9) In the past 24 hours, I’ve read a number of times that we must not let the “inconsistencies” in Jackie’s story blind us to the larger truths about the University of Virginia and “rape culture.”
This argument should not be received uncritically.
One reason is that Sabrina Rubin Erdely’s story does not establish any larger truths about the University of Virginia…
I do know that, from start to finish, Sabrina Rubin Erdely’s article has methodological flaws and a deep bias. “A Rape on Campus” is an irresponsible patchwork of personal politics, sloppy reporting and preconceived conclusions by a writer who lamented that the University of Virgina has no “radical feminist culture seeking to upend the patriarchy”—and took it upon herself to do just that.
“Rape culture” is a moral panic on steroids. It is based on very twisted evidence. The oft-repeated claim that one in five female students on American campuses is sexually assaulted — which was parroted by most of the students I spoke to at Columbia — is highly questionable. As one debunking recently pointed out, the definition of campus sexual assault used in the federal-government survey that came up with that stat includes sex that occurs when you’re too drunk or drugged up to really know what you’re doing. Isn’t a lot of student sex like that? It was in my day. Seventy-five per cent of the female students who were labeled by the survey as victims of sexual assault as a result of drunkenness did not claim that they had been raped. But what do they know, right? Maybe they’ve “caught” rape culture, too, and are making excuses for their assaulters.
The idea of “rape culture” combines all the worst moral panics of the past 25 years. It has an ugly steak of fear-mongering about male sexual bravado. It has a healthy smattering of media-effects theory in its promotion of the idea that raunch culture makes all men into misogynists. It depicts women as vulnerable, fragile, in need of saving. And it rides roughshod over both due process and freedom of speech, as can be seen in the rise and rise of on-campus kangaroo courts using lower-standard evidence to mete out punishment to suspected assaulters and in the demands from some feminists for more controls on access to porn and other mind-warping sexual material, to stop men from becoming rapists.

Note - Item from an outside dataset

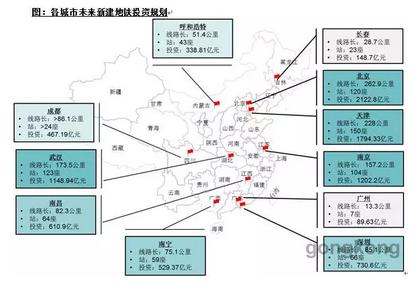 2015年5月至今,中國新獲得批準的地鐵建設項目涵蓋了深圳、天津、北京以及南寧、成都、南昌、南京、長春等11個城市,線路總計1300多公里,投資9000多億元。

The Christian moralists, anti-porn crusaders, and Victim Feminists of the 1970s and ’80s must be beaming with pride at the rise of the idea of “rape culture,” for it embodies their every prejudice and ill-founded panic and their lust for authoritarianism as a solution to the alleged sexual swagger of dumb, media-fueled men.
There really is only one thing to say to the bleating students, the illiberal liberals, of Columbia and other privileged campuses: You have lovely, lazy, intellectual lives that many of the world’s still-repressed women would sell their souls for, so, please, shelve the slave songs and self-pity and grow the hell up.